The Mac‑only app Pico AI Server, unlike tools such as Ollama, doesn't provide a dedicated CLI client.
This tool fills that gap and adds a few extra features.
- Persistent chat history – save conversations and reload them later.
- Stdin piping support – feed input directly via pipes for easy scripting and automation.
- Structured, formatted output – optional JSON Schema–based output for reliable machine parsing.
- Image analysis – send images for interpretation alongside text prompts.
- Full Unicode support – handles multi-character Unicode correctly.
- Cross-platform – runs on multiple operating systems.
- Copy & paste helpers – built-in commands to quickly copy responses or paste content into the chat.
The released binary is neither notarized nor code-signed. To use it on macOS, there are two options:
- Build PicoChat from source
- Remove the quarantine flag from the binary
Install the dependencies and build.
go mod download
go mod tidy
go test ./...
go build
Navigate to the folder containing the binary and enter the following:
sudo xattr -rd com.apple.quarantine ./picochat
Enter your administrator password to confirm.
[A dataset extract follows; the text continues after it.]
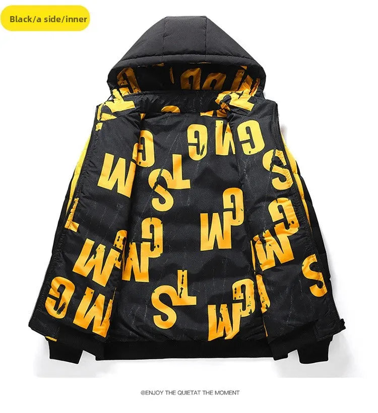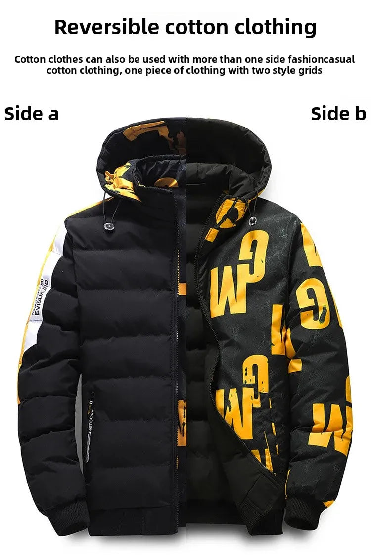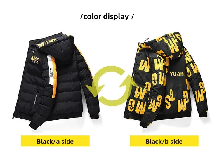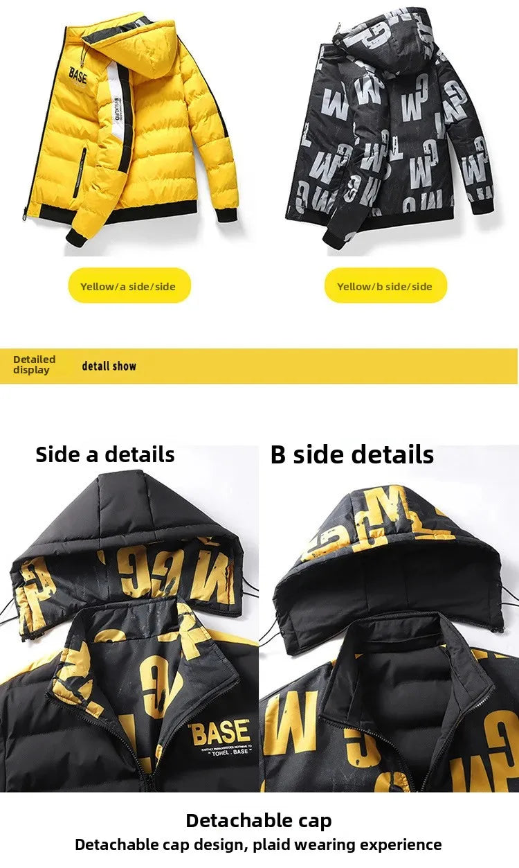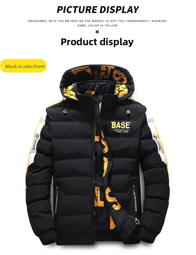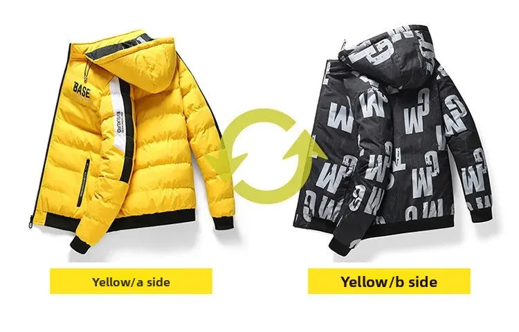🧥 Dwustronna Kurtka Zimowa Męska BASE - Stylowa i Wszechstronna (Czarna/Żółta)

After that, you can run the binary without warnings.
PicoChat uses raw input mode to enter prompts. This provides a more natural multi-line editing experience than the triple-quote (""") approach used by other applications, while still keeping the implementation simple and terminal-friendly.
Users can type or paste as much text as needed for a prompt. Submit input by pressing Ctrl+D (end-of-file). This method ensures that pasted text — including blank lines or code blocks — is handled safely without triggering accidental termination.
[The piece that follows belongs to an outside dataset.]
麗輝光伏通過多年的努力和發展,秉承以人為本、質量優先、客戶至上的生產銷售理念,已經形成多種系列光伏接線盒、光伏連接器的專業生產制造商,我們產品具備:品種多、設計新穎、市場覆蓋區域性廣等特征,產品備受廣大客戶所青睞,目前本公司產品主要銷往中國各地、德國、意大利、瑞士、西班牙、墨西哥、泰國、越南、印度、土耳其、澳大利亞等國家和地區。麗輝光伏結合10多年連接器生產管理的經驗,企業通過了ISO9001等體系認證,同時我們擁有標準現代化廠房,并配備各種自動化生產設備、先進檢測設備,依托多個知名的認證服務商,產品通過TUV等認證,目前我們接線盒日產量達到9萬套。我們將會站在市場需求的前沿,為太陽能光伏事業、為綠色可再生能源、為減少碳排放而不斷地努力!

Input can be canceled at any time by pressing Esc, which immediately returns the user to the main prompt without sending the text.
Here are a few examples (↵ indicates pressing Enter):
>>> Tell me a joke! [Ctrl]+D
>>> Hello, PicoChat! ↵
How are you today? ↵
↵
[Ctrl]+D ← Send prompt
Use PicoChat in scripts via pipe, e.g.:
echo "Write a Haiku about Cheese" | picochat -quiet
The -quiet argument is optional and suppresses all app messages, so that only the LLM response is displayed.
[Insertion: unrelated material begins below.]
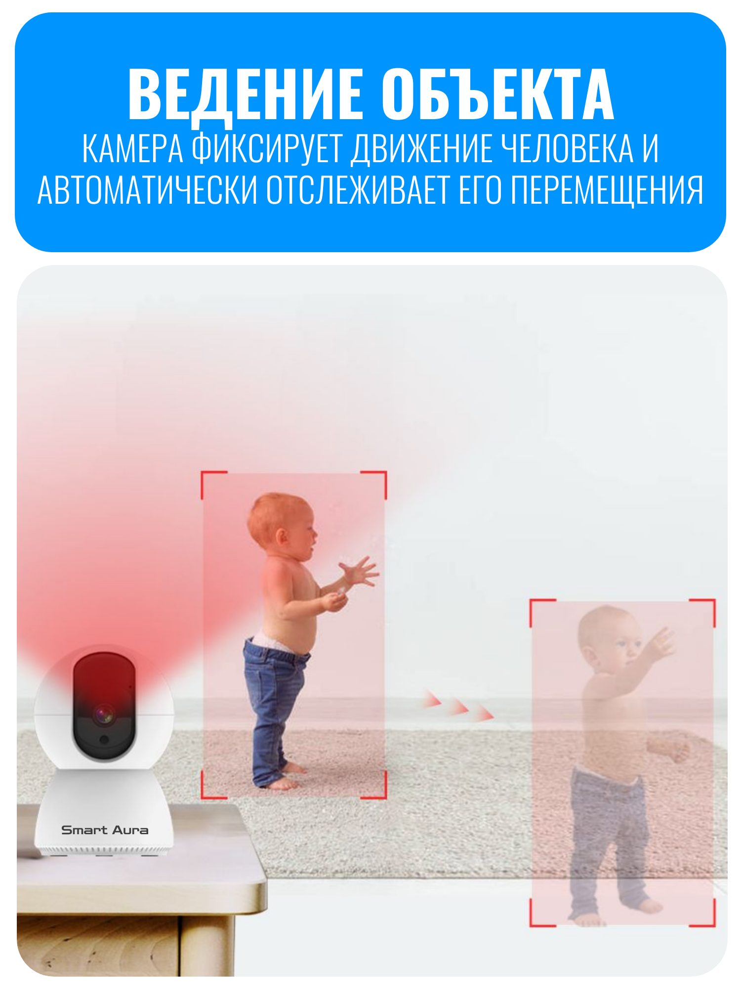 Камера видеонаблюдения Smart Aura SA-VS-TY300S — это надежное решение для защиты вашего дома и контроля за детьми или пожилыми членами семьи. Она подключается к интернету через Wi-Fi 2.4 ГГц и управляется через приложения Smart Life или DIGMA Smartlife. Через приложение можно управлять поворотом камеры: на 355 градусов по горизонтали и на 80 градусов по вертикали, что дает почти полный обзор помещения.

On Windows, switch the shell to UTF-8 first for proper handling of non-Western characters:
chcp 65001
You can also pipe a PicoChat command through stdin. Technically, all commands can be used, but not all are equally useful in pipes.
echo "/models" | picochat -quiet
| Arg | Description |
|---|---|
| -config | Loads a configuration file |
| -format | Sets the path to a JSON schema file |
| -history | Loads a specific session |
| -image | Sets a path for an image file |
| -model | Overrides the configured model |
| -output | Sets the response output format |
| -quiet | Suppresses all app messages |
| -version | Shows the version and exits |
PicoChat provides output formats other than plain text. This simplifies output processing in pipelines, etc. This step happens after inference and wraps the plain-text output into a structure while keeping the output itself as plain text. This works with any server.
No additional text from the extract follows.